[DATA]
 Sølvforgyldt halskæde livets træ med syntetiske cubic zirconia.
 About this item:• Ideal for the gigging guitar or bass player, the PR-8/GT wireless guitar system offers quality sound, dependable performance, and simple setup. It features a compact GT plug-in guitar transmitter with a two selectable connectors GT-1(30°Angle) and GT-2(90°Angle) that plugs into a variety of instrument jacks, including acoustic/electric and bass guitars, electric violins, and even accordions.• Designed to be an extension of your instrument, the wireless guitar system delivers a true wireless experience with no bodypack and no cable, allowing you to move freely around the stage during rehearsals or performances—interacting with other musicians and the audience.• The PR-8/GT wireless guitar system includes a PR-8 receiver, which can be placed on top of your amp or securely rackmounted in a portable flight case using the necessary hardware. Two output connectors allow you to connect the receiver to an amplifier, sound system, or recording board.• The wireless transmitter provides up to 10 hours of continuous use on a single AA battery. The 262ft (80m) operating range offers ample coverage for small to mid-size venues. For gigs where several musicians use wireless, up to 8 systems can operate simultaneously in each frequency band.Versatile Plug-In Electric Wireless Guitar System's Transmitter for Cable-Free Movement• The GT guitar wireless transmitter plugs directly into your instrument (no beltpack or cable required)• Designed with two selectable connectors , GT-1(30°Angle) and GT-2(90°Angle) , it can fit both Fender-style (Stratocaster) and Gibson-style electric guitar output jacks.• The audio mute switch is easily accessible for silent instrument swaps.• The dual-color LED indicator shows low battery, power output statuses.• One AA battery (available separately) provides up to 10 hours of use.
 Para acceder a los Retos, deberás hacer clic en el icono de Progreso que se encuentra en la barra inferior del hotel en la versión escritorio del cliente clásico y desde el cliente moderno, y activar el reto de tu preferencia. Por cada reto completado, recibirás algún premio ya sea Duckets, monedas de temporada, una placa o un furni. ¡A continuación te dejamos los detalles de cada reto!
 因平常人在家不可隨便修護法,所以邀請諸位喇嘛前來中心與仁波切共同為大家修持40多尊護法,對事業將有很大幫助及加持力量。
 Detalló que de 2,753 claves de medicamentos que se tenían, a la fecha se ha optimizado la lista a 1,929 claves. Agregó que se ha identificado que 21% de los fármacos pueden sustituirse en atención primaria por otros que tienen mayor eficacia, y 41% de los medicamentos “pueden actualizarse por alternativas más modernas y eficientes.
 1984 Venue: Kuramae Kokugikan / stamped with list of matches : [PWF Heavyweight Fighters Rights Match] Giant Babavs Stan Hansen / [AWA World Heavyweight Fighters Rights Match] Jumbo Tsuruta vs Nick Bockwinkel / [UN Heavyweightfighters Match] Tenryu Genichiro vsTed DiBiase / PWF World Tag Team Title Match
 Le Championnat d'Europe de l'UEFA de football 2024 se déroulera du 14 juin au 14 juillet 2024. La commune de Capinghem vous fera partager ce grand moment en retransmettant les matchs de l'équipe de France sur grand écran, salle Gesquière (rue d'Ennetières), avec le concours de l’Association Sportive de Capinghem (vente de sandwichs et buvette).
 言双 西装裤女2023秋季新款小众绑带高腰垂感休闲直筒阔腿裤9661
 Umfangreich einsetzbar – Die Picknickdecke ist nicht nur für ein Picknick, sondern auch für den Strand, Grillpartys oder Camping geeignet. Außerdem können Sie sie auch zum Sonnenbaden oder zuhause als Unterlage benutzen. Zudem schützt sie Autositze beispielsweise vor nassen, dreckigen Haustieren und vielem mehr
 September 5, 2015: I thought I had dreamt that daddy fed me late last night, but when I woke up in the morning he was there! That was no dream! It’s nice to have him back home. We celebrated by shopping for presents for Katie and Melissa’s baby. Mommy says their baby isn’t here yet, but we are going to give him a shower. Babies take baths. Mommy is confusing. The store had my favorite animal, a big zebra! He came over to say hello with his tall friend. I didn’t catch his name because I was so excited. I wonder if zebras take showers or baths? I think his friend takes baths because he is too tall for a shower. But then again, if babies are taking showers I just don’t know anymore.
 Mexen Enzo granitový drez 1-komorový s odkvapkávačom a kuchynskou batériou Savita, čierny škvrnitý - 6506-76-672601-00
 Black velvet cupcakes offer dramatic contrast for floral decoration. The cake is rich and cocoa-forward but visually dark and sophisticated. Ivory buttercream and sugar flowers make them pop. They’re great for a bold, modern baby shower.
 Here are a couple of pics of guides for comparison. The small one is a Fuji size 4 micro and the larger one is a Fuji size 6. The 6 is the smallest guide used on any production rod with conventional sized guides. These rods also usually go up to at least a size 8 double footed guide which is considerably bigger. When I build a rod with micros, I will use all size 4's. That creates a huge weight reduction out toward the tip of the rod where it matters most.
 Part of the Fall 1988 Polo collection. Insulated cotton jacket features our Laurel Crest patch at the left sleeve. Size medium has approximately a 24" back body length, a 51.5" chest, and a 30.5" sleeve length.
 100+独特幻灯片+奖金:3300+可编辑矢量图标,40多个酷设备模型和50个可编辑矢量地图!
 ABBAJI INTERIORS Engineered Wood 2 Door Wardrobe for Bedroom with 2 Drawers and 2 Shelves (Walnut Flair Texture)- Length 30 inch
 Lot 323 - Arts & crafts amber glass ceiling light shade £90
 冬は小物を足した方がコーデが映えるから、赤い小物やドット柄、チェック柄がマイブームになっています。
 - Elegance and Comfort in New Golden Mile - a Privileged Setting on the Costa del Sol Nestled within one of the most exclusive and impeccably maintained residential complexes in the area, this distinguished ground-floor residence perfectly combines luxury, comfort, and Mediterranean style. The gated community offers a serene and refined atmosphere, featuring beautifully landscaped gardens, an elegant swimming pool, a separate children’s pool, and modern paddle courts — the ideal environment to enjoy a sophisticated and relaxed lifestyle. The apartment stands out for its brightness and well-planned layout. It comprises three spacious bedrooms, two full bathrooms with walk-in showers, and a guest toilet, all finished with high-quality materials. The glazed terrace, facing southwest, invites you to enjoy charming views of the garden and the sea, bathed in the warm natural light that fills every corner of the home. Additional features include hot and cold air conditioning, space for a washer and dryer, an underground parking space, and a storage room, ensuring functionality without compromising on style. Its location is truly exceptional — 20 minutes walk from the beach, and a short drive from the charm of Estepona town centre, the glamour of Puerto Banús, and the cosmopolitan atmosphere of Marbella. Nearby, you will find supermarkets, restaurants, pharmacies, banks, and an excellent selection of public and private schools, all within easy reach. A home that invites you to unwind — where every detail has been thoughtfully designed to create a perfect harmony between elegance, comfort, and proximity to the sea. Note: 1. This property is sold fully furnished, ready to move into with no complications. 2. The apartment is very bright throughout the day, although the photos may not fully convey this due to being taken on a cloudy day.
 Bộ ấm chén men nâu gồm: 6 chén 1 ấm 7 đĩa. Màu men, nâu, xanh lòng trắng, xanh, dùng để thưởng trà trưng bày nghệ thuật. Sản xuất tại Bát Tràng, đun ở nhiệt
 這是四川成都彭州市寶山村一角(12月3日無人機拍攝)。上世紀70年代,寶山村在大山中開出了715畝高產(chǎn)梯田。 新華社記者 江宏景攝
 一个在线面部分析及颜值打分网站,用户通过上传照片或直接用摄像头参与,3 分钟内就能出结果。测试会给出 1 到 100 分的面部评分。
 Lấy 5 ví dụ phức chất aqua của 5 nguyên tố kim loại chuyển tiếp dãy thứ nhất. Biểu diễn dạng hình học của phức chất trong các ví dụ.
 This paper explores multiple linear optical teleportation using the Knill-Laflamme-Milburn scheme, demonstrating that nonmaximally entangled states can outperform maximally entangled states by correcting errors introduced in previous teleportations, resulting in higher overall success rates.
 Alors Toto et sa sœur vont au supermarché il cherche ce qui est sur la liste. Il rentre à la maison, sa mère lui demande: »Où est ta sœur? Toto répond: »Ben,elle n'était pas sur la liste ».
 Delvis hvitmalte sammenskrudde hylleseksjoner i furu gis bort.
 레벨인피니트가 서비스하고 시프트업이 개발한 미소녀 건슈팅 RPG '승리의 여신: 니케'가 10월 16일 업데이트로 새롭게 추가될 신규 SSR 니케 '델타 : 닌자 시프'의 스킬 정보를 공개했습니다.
[/DATA]
WHAT THE TASK REQUIRES> In the entries, find every line holding "back" and copy it.

ANSWER FOR THIS EXERCISE>
 September 5, 2015: I thought I had dreamt that daddy fed me late last night, but when I woke up in the morning he was there! That was no dream! It’s nice to have him back home. We celebrated by shopping for presents for Katie and Melissa’s baby. Mommy says their baby isn’t here yet, but we are going to give him a shower. Babies take baths. Mommy is confusing. The store had my favorite animal, a big zebra! He came over to say hello with his tall friend. I didn’t catch his name because I was so excited. I wonder if zebras take showers or baths? I think his friend takes baths because he is too tall for a shower. But then again, if babies are taking showers I just don’t know anymore.
 Part of the Fall 1988 Polo collection. Insulated cotton jacket features our Laurel Crest patch at the left sleeve. Size medium has approximately a 24" back body length, a 51.5" chest, and a 30.5" sleeve length.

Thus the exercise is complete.